As stated in the introduction, the current version of UNRES was optimized to run free simulations in which the potential clashes are removed; however, in general, this is not the case for scoring fixed decoys. Therefore, first, we modified the potential to limit its repulsive components. Specifically, we imposed a cutoff on the repulsive parts of the potential to limit the maximum repulsion to 3 kcal/mol for a given interaction type between each pair of interaction centers. Only with such an approach can the UNRES force field be used without the prior energy minimization of a system because, otherwise, even slight overlapping of the interaction centers can outweigh all other energy components.

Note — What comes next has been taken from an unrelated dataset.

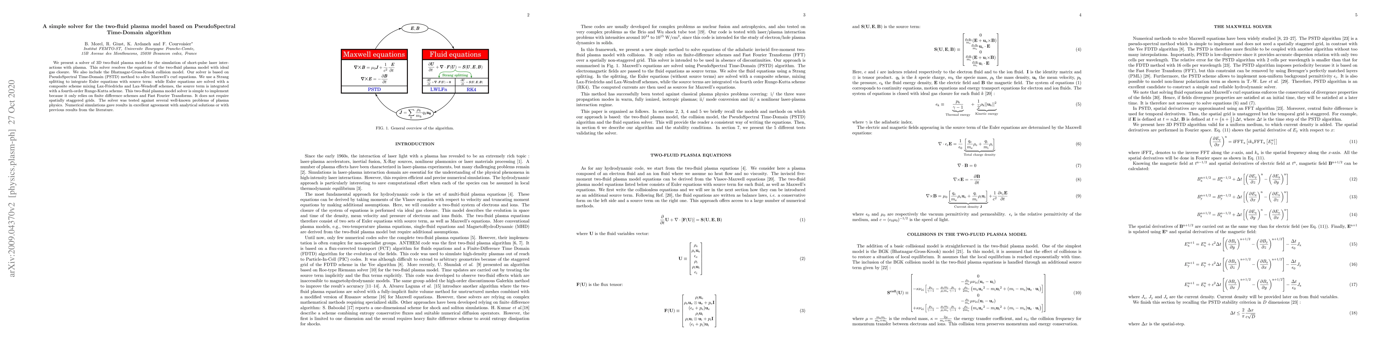 This paper introduces a straightforward solver for the 3D two-fluid plasma model, utilizing the PseudoSpectral Time-Domain (PSTD) method to simulate laser-plasma interactions. The solver effectively integrates Euler equations and Maxwell's curl equations, achieving accurate results validated against established plasma physics problems.

Another possibility would be to use soft potentials, such as the 8–6 Lennard-Jones potential, but, even then, short energy minimization is needed [56]. We then reoptimized the force field to accommodate this change and to customize it to the task of decoy scoring.

We employed the neural network technique for optimization. In the implementation of the UNRES model developed in this work, although energy is a linear function of the parameters, the error function to minimize is expressed as:

$$F=\sum _{p=1}^{totp}\sum _{i=0}^{N_p-1}{\left[TM{S}_p^{pred}\left({\left\{U\right\}}_{pi}\right)-TM{S}_{pi}^{decoy}\right]}^2$$ (3)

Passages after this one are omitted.